Before we drift into the feeling, the facts deserve to sit up front—because they tell you where this performance lives in Cassidy’s story. “Since I Fell for You” appears as track 4 on David Cassidy’s 2003 studio album A Touch of Blue, and it runs 2:53. The album was released in the UK on November 3, 2003, and it is widely noted as Cassidy’s 17th and final studio album, with a bonus disc of re-recorded classics included alongside the new cover set. On the UK’s Official Albums Chart, A Touch of Blue first appeared on the chart dated 15 November 2003, debuting at No. 61 (and that debut week also proved to be its peak), before sliding to No. 92 the following week.

Now, the song itself carries a longer history than any one voice—almost like an heirloom passed hand to hand. “Since I Fell for You” was composed by Buddy Johnson in 1945, first popularized through performances connected to Buddy Johnson and His Orchestra and his sister Ella Johnson, and it grew into a jazz-and-pop standard that kept calling singers back to its bruised simplicity. Its most famous chart moment came much later: Lenny Welch’s 1963 recording climbed to No. 4 on the Billboard Hot 100, proving that a song built on plain heartbreak can still move mountains when the phrasing is honest enough.

So why does David Cassidy—forever framed in many minds by the bright flash of early fame—choose this song for A Touch of Blue?

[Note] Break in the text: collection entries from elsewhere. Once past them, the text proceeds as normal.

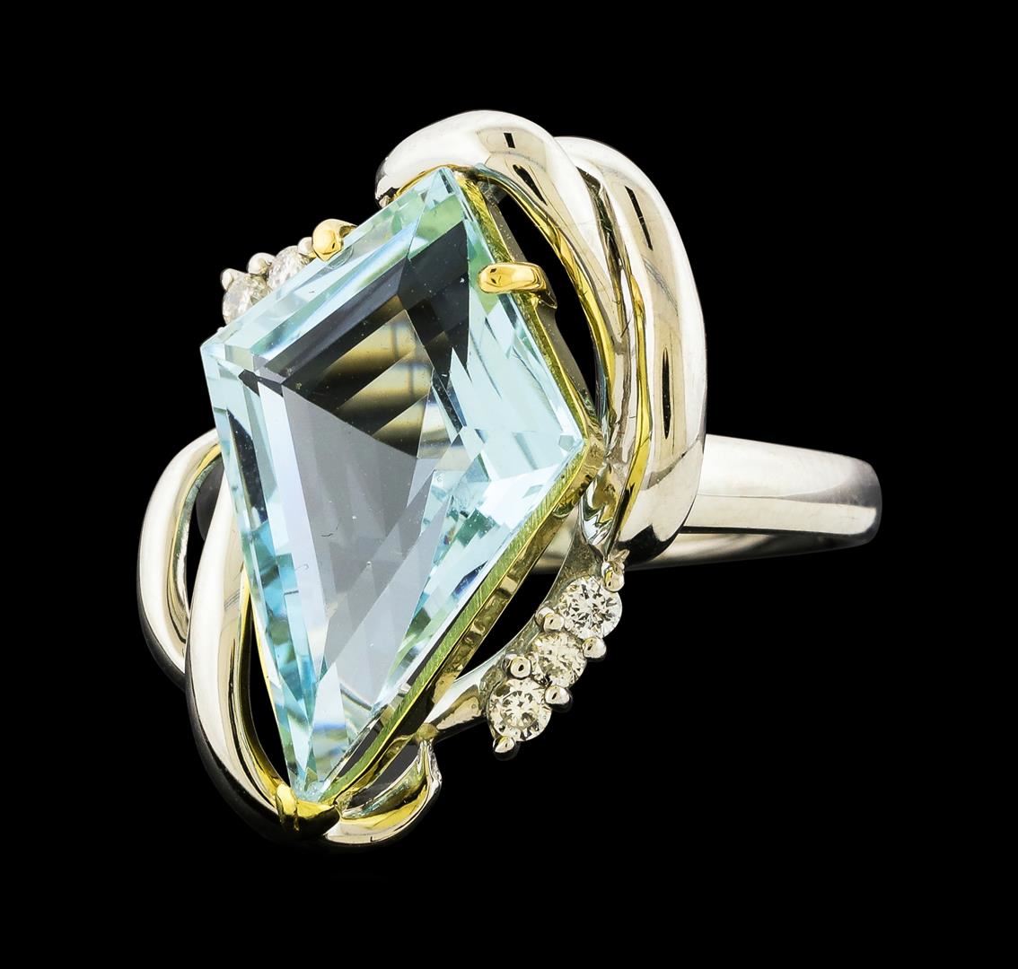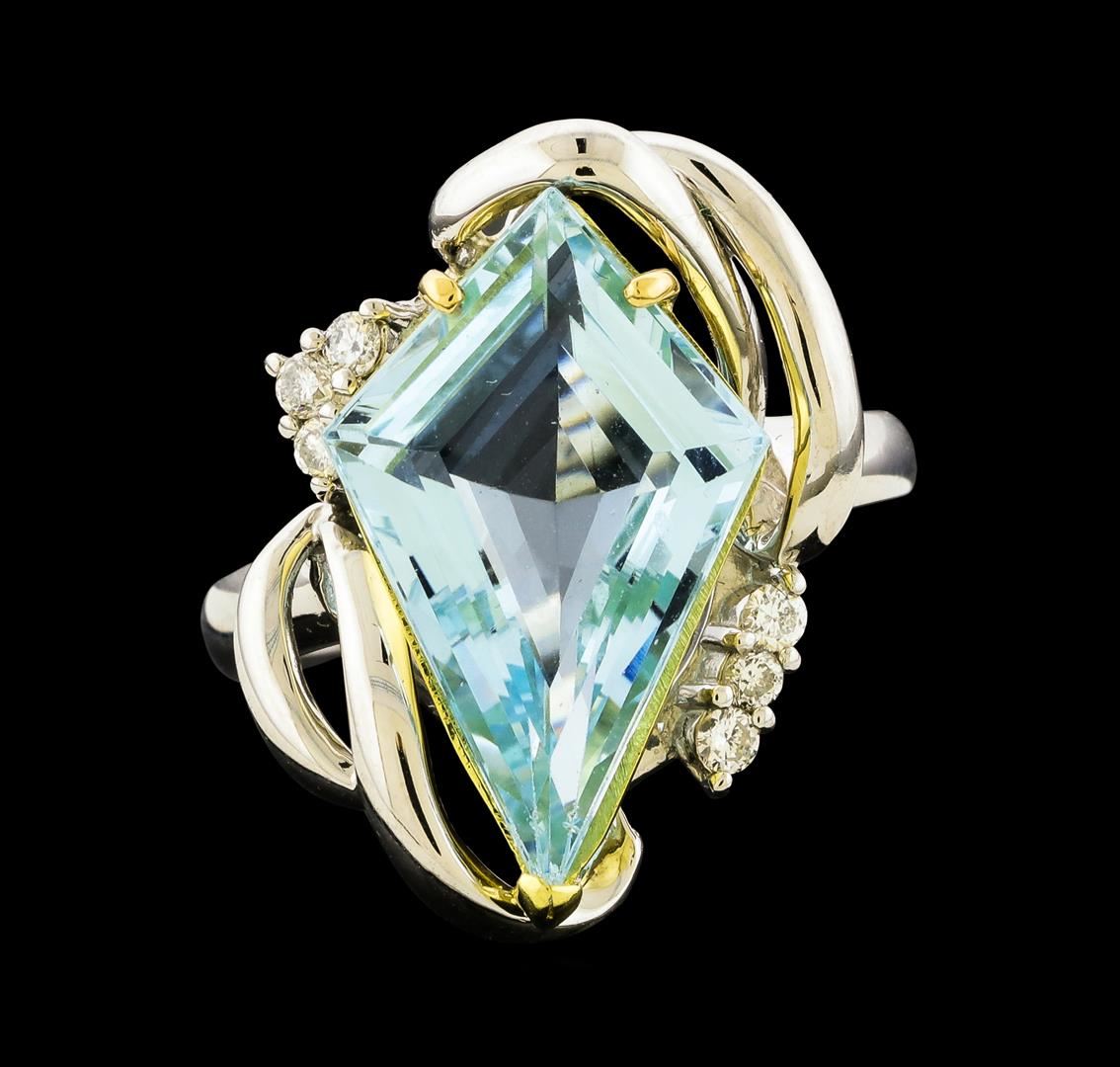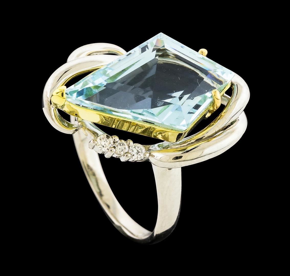 One ring featuring: Platinum and Yellow Gold containing Aquamarine with a total weight of 5.20ct and Diamonds with a total weight of 0.12ct. Total Weight of Ring: 7.5 grams.
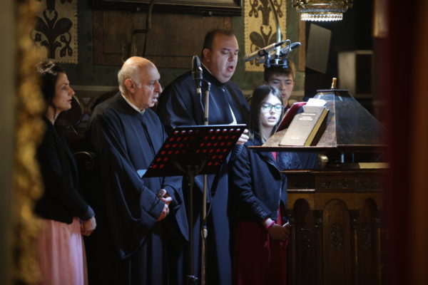 Τους ύμνους της θείας λειτουργίας απέδωσαν οι χοροί των ιεροψαλτών μαζί με τις χορωδίες τους, με προεξάρχοντα στον δεξιό χορό τον κ. Στυλιανό Ζαχαρίου και στον αριστερό τον κ. Χρήστο Τογκαρίδη.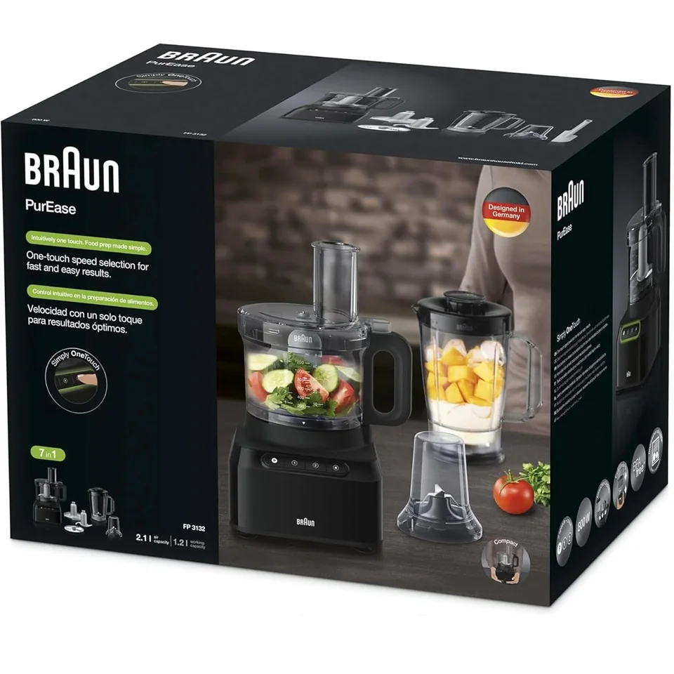 The Braun PurEase Black Food Processor FP301AI is designed to make everyday meal preparation fast, simple, and efficient. With its compact design and powerful motor, it easily handles chopping, slicing, shredding, kneading, and mixing tasks. The dual-speed control with pulse function ensures precision for different ingredients, while the large bowl capacity lets you prepare bigger portions effortlessly. All parts that come in contact with food are BPA-free and dishwasher-safe, making cleaning quick and easy. Stylish, durable, and versatile, the FP301AI helps you create delicious homemade meals with minimal effort.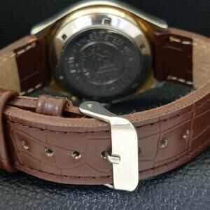 This watch has a stainless steel case in great condition with almost no flaws. The face features Gold accents on a Black Face giving an awesome vintage look overall. It also has a date function!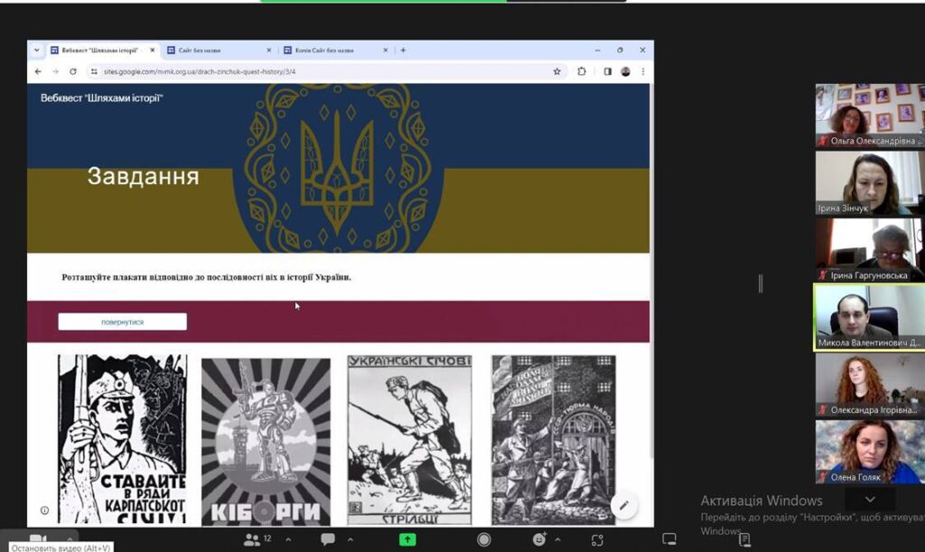 Сьогодні перед педагогами стоїть завдання пошуку нових видів і форм організації навчальної діяльності, яка має розвивати критичне і творче мислення. З цією метою у Коледжі 1 листопада проведено дистанційне засідання методичного об’єднання викладачів української мови та історії України. Під час заходу викладач української мови Галина Котюк презентувала досвід своєї роботи «Формування комунікативної компетентності здобувачів освіти на прикладі воркшопу», а викладачі історії Микола Драч та Ірина Зінчук представили практику використання на заняттях історії України для урізноманітнення освітнього процесу в різних форматах «Особливості використання авторських вебквестів на платформі Google Sites при викладанні історії».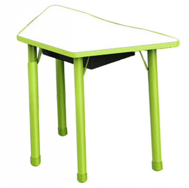 La table scolaire trapèze est dotée d’un plateau en panneau de particules de 18 mm d’épaisseur, recouvert d’un revêtement mélaminé résistant à l’usure, à l’humidité et aux variations de température. Les chants sont en PVC injecté, avec bords arrondis pour limiter les risques de blessure. C’est un mobilier scolaire modulable sécurisé et durable.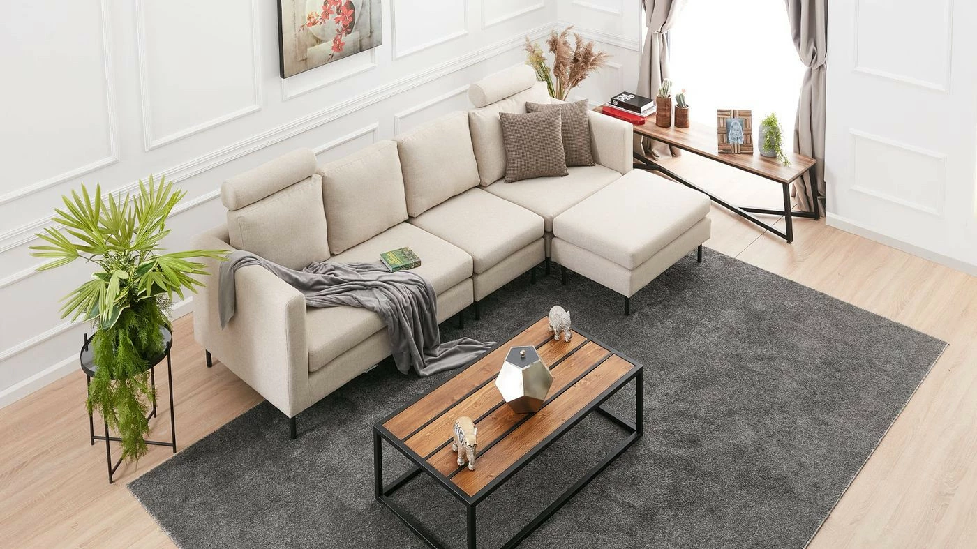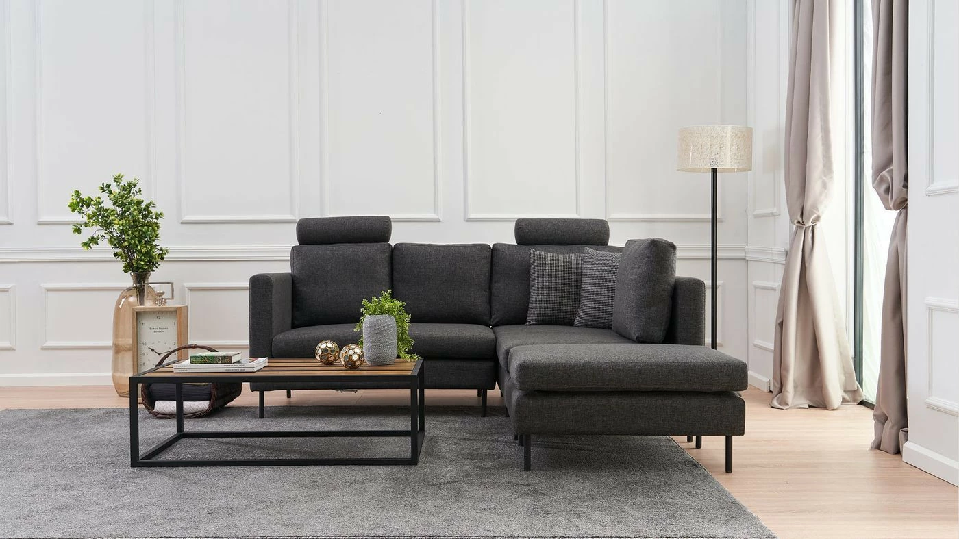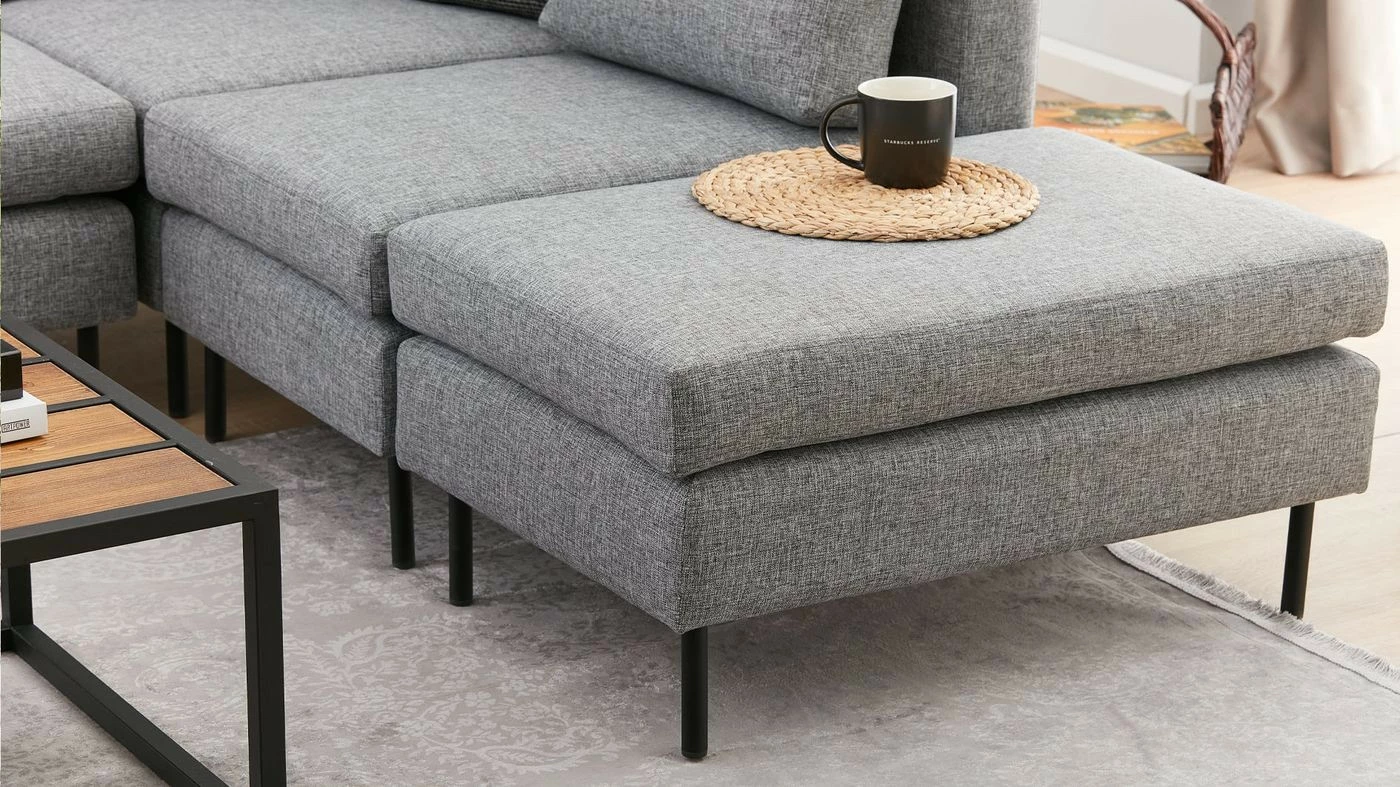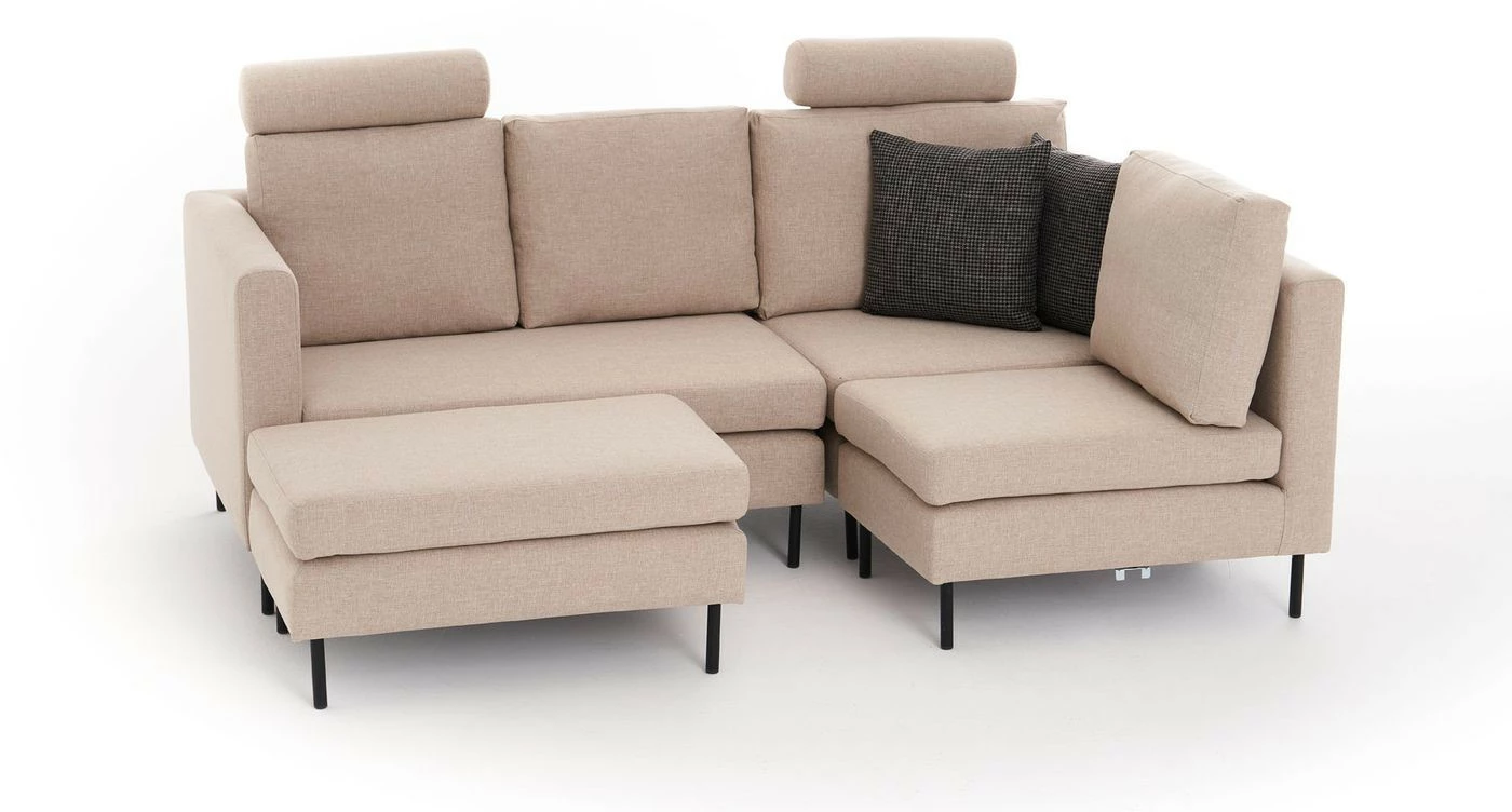 Mino-moduulisohvasta teet juuri itsesi näköisen. Kokonaisuus sisältää kahdenistuttavan moduulin, yhdenistuttavan moduulin, kulmamoduulin ja rahin. Kangasverhoilu ja metallijalat.

Because “Since I Fell for You” is not a song about the drama of a breakup. It’s about the quieter afterlife of love: the way it stains ordinary days, the way it changes your voice even when you’re trying to speak casually. The title doesn’t posture. It doesn’t threaten. It simply admits a turning point: since I fell for you… everything else became “after.” That’s the cruelty of it—and also the strange poetry. One emotional misstep, one devotion given too freely, and suddenly the past is no longer a home you can return to unchanged.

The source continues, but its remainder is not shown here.